This article reveals the mechanics of a growing pilot program for registration of Class II and Class III medical devices to be contract manufactured in China that has gained significant recognition across China over the past few years, and explores the implications that such a program has over Chinese and foreign manufacturers and research centers, particularly, the implications to a foreign manufacturer of medical devices.
Following the 2017 directive of the State Council of China to deepen the reform of China’s medical device industry, the Shanghai branch of the food and drug regulator announced a marketing authorization holder (MAH) pilot program that regulates the registration of Class II and Class III medical devices (MAH Program) for the Shanghai Free Trade Zone. In 2018, the Tianjin and Guangdong Free Trade Zones implemented the MAH Program. In 2019, the National Medical Products Administration of China (NMPA) extended the MAH Program to: (a) the whole of Shanghai and Tianjin; and (b) 19 other cities and provinces, including Beijing, Guangdong, Jiangsu, Zhejiang, and Hunan. Over the last 18 months, the MAH Program has continued to gain traction and recognition across China, and as of the date of this publication, 21 out of 32 provinces in China have rolled out an MAH Program. Importantly, over time, the local implementation rules and practices in the different provinces and cities have become clearer.
In summary, an MAH Program allows:
(a) A local research and development (R&D) center to apply to be the MAH for a medical device, and in turn, nominate one or more local contract manufacturers to manufacture such medical device, without the need for the R&D center to be a qualified manufacturer;
(b) A foreign manufacturer to incorporate a local subsidiary to apply to be the MAH for a medical device, and in turn, nominate one or more local contract manufacturers to manufacture such medical device, without the need for such local subsidiary to be a qualified manufacturer.
This is an important development.
Before the MAH Program, Chinese food and drug regulators across China had implemented a system from the 1990s, whereby the MAH of a medical device must also be a manufacturer, for safety and quality assurance purposes. That meant the R&D of the medical device had to be conducted by, and the manufacturing facilities for such medical device had to be owned by, the same legal entity. Accordingly, given the manufacturing license for the medical device could only be obtained after the marketing authorization for the medical device had been approved, and accounting for the time in completing clinical trials, it would take three to five years to obtain the manufacturing approval.
In contrast, the MAH Program allows R&D functions to be performed separately from manufacturing functions, and enables the MAH of a medical device to outsource the manufacturing to a contract manufacturer, without having to go through the time-consuming process of obtaining the manufacturing approval. The average time for obtaining the marketing authorization for a Class III medical device would take roughly 15 months under the MAH Program, which is also less time consuming than the normal product registration process with the NMPA. The MAH Program also symbolizes a shift from enterprise-based regulation to product-based regulation.
MAKING USE OF THE MAH PROGRAM
A foreign medical device manufacturer can consider taking advantage of the MAH Program in structuring its market-entry for, or growing its local presence in, China’s medical device industry. The general steps and commentary for doing so are set out below.
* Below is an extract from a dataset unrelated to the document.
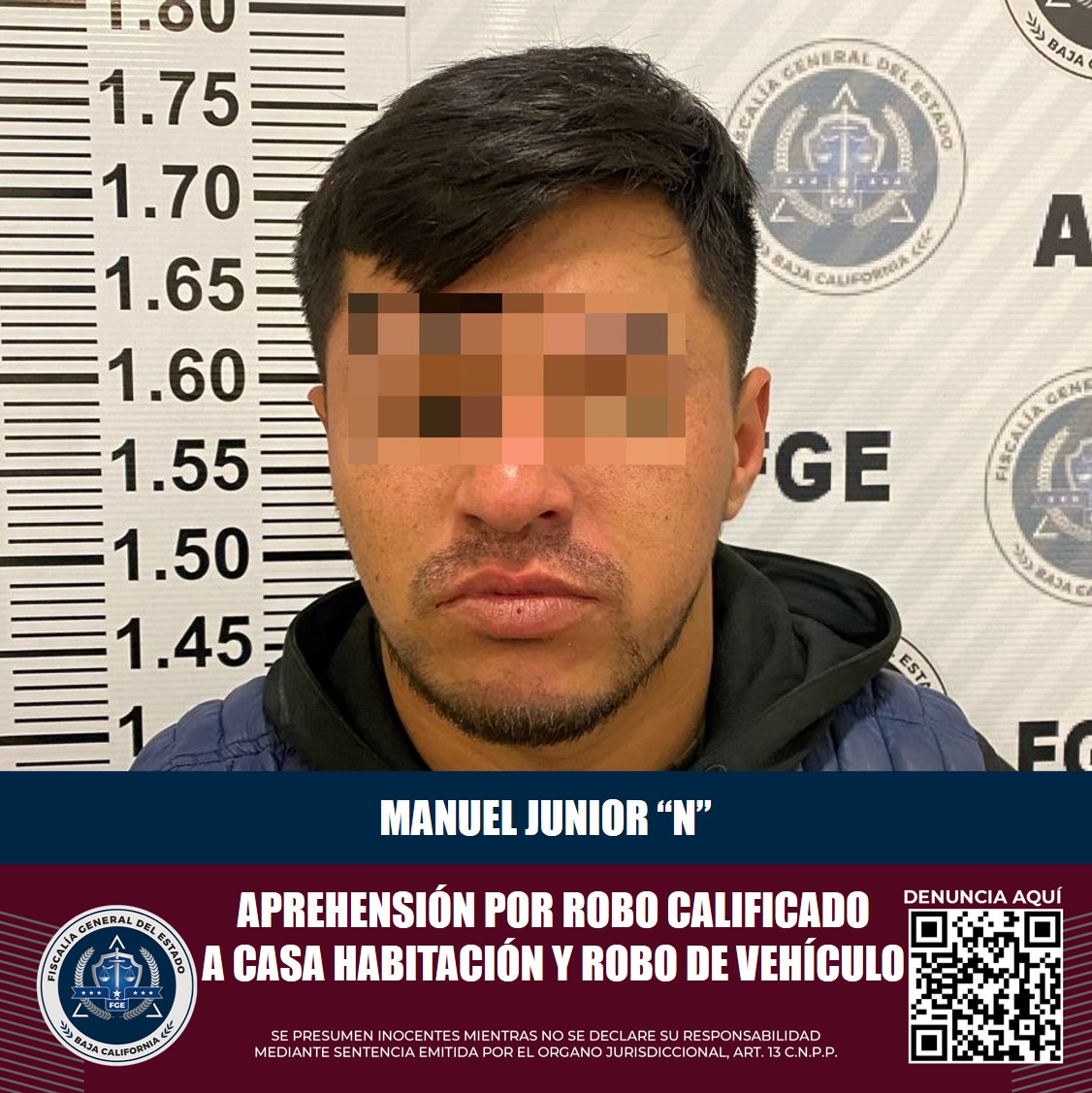 TIJUANA, B.C. Por los delitos de robo calificado a casa habitación y robo de vehículo de motor, ambos ejecutados con violencia, un hombre fue detenido y puesto a disposición de un Juez de Control, mientas avanza la investigación que lleva a cabo la Fiscalía General del Estado (FGE).

Incorporate a Chinese subsidiary within the MAH Program area.
Application to be MAH
The Chinese subsidiary can apply to become the MAH of the foreign manufactured medical device. This can be done even if the marketing authorization for the medical device has been granted to the foreign manufacturer.
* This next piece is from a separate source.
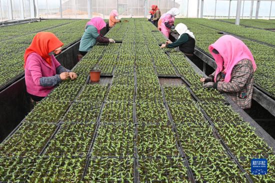 在张掖市甘州区党寨镇陈寨村玻璃智能温室内,农民们进行间苗作业(4月10日摄)。

After becoming the local MAH, the Chinese subsidiary can contract a local manufacturer to manufacture the medical device. The foreign manufacturer and the Chinese subsidiary do not have to own any manufacturing facilities in China or otherwise hold a Chinese medical device manufacturing license. However, the local contract manufacturer has to apply to the NMPA to add such medical device to the scope of its manufacturing license, and the contract manufacturing agreement has to be registered with the NMPA.
It is now also possible for the MAH to appoint a contract manufacturer outside of the place of incorporation of the Chinese subsidiary.
Sale and Distribution
As the local MAH, the Chinese subsidiary can also sell and distribute the medical devices that have been contract-manufactured locally, without separately obtaining a medical device distribution license. The Chinese subsidiary can further appoint a qualified local distributor to sell and distribute the medical devices in China.
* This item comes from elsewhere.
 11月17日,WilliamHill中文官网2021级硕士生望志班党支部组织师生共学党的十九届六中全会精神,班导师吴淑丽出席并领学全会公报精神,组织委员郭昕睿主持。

As the local MAH, the Chinese subsidiary is responsible for the safety and quality of the products, the after-sales services, and post-market monitoring. As such, the MAH has to maintain an appropriate number of employees.
The MAH Program is now widely seen in China as an innovative reform of China’s medical device industry. There has been media coverage in China that an MAH Program can save up to 80 percent of product registration time. In February of 2018, the first MAH and contract manufacturing for a Class II medical device was approved in a remarkable 26 working days from lodgment of the application.
Foreign manufacturers of medical devices have increasingly taken an interest in the MAH Program. The time and cost saving factors, coupled with the possibilities of local collaboration on manufacturing and product localization, have made the MAH Program an important consideration in strategizing a market entry, and in terms of growing local presence, in the fast-growing medical device sector in China.